Given records:
== == ==

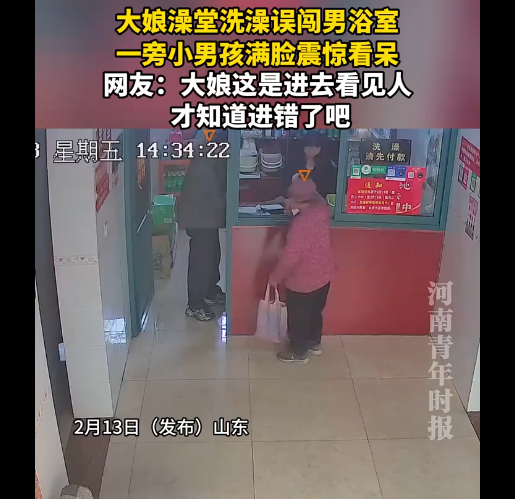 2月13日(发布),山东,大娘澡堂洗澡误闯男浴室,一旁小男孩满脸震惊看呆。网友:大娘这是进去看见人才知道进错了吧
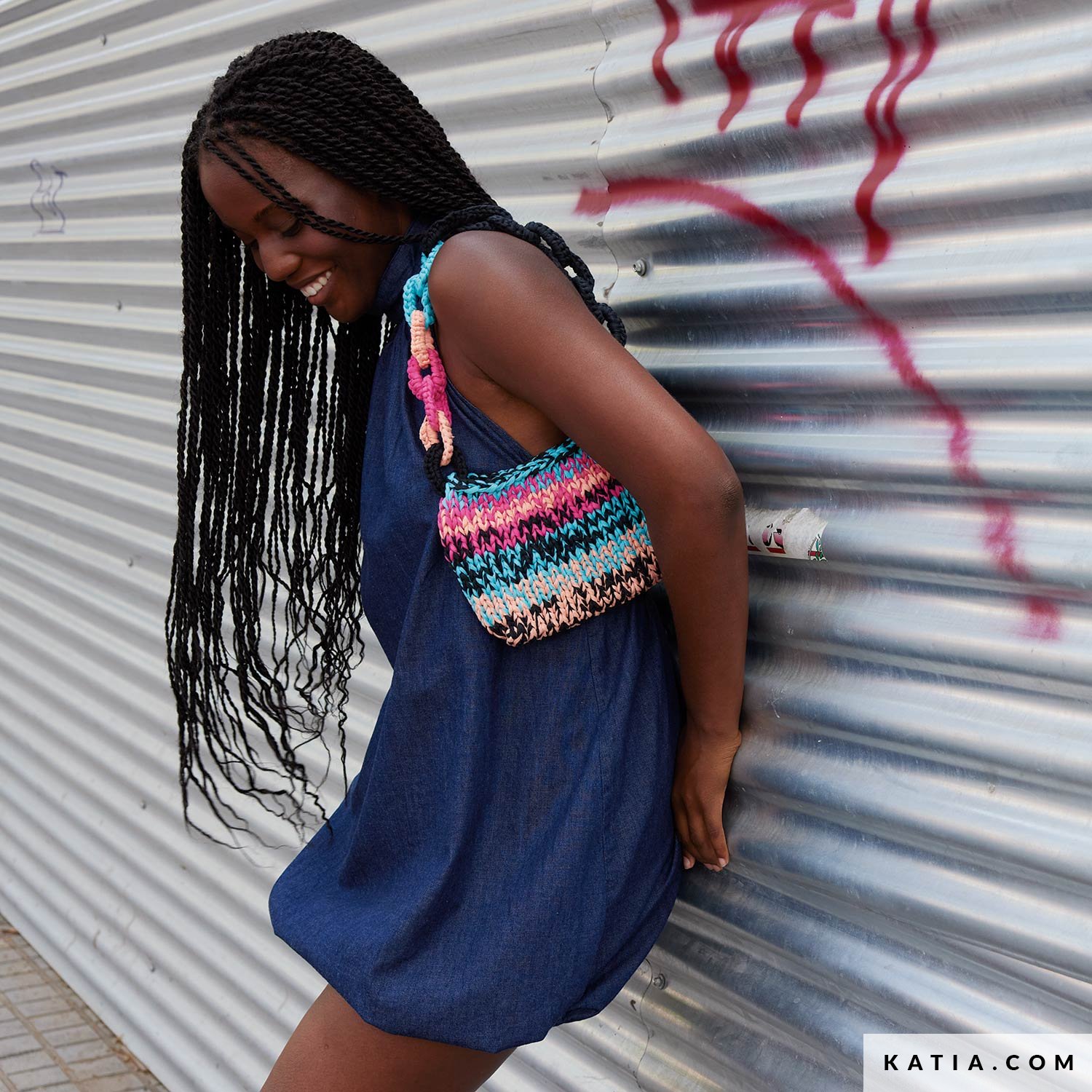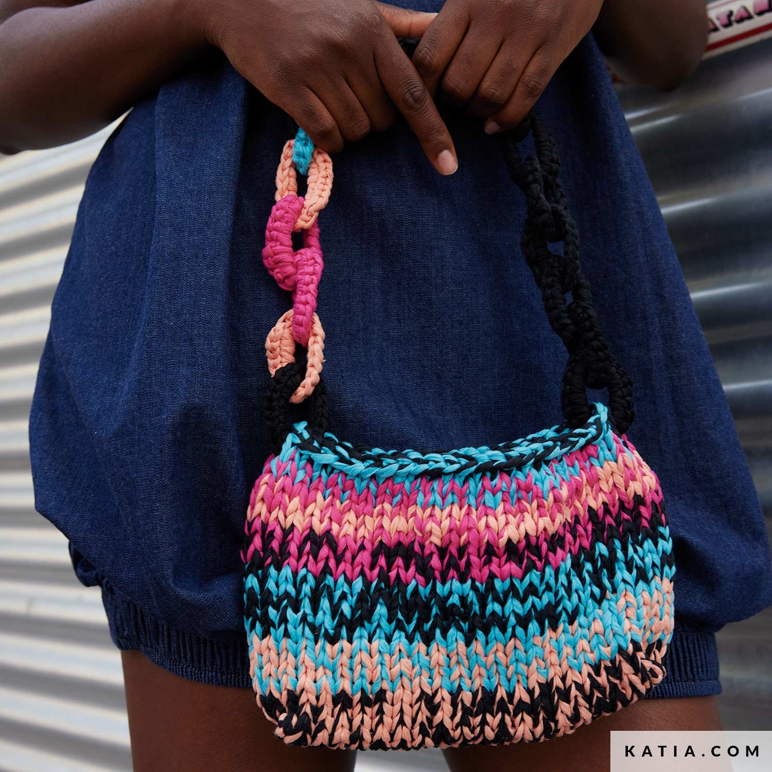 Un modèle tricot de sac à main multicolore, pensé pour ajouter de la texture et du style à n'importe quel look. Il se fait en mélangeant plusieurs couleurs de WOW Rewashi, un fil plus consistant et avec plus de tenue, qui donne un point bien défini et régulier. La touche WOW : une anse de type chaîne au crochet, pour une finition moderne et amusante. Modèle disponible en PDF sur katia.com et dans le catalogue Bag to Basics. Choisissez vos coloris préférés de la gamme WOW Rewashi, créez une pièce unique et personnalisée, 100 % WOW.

== == ==

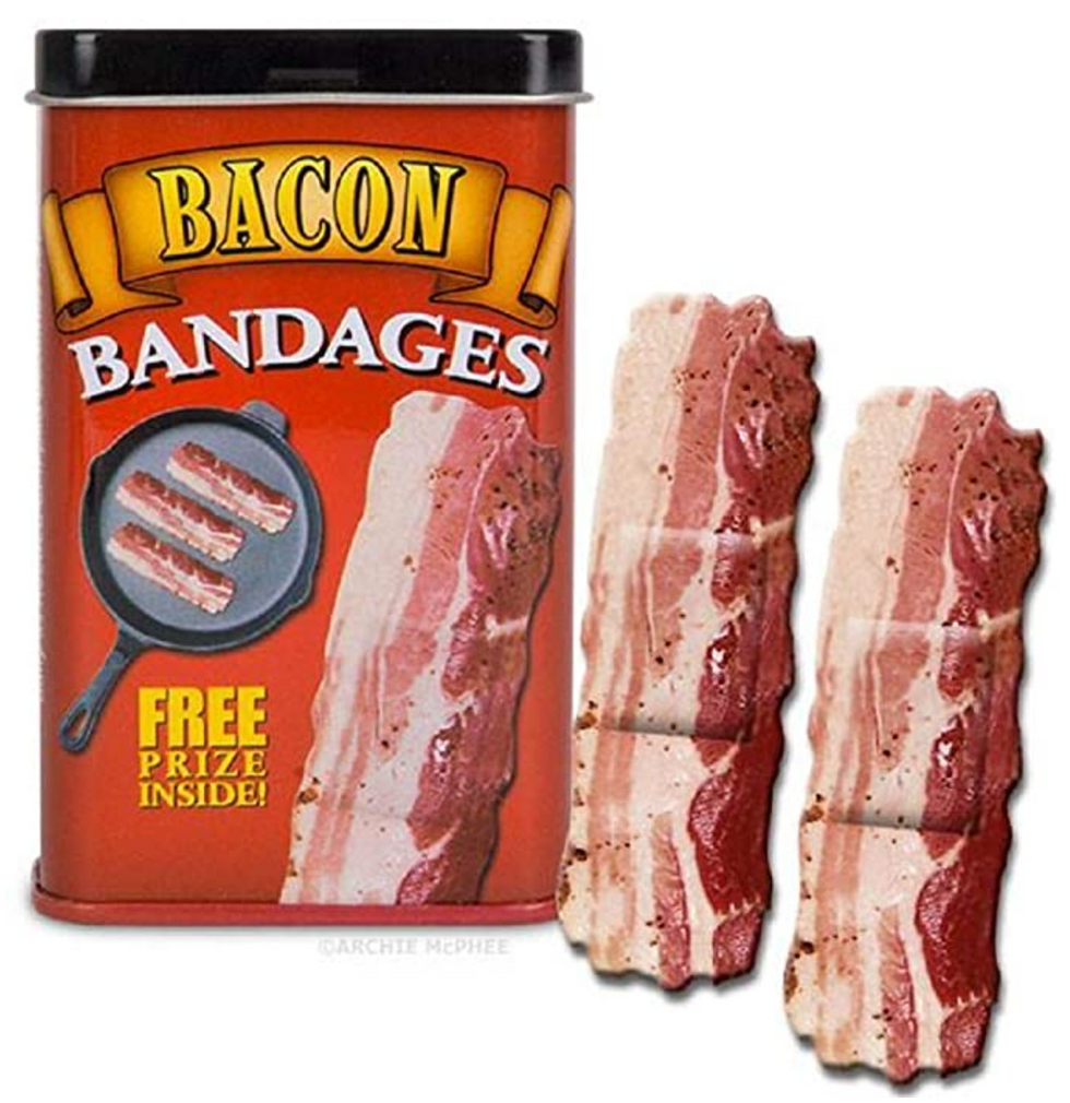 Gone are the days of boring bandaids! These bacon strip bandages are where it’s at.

== == ==

Requirement: Copy only this from above: the line containing "2月13日(发布),山东,大", the line containing "Un modèle tricot", and all lines between, printed exactly. Leave out the pictures.

The answer:
 2月13日(发布),山东,大娘澡堂洗澡误闯男浴室,一旁小男孩满脸震惊看呆。网友:大娘这是进去看见人才知道进错了吧
 Un modèle tricot de sac à main multicolore, pensé pour ajouter de la texture et du style à n'importe quel look. Il se fait en mélangeant plusieurs couleurs de WOW Rewashi, un fil plus consistant et avec plus de tenue, qui donne un point bien défini et régulier. La touche WOW : une anse de type chaîne au crochet, pour une finition moderne et amusante. Modèle disponible en PDF sur katia.com et dans le catalogue Bag to Basics. Choisissez vos coloris préférés de la gamme WOW Rewashi, créez une pièce unique et personnalisée, 100 % WOW.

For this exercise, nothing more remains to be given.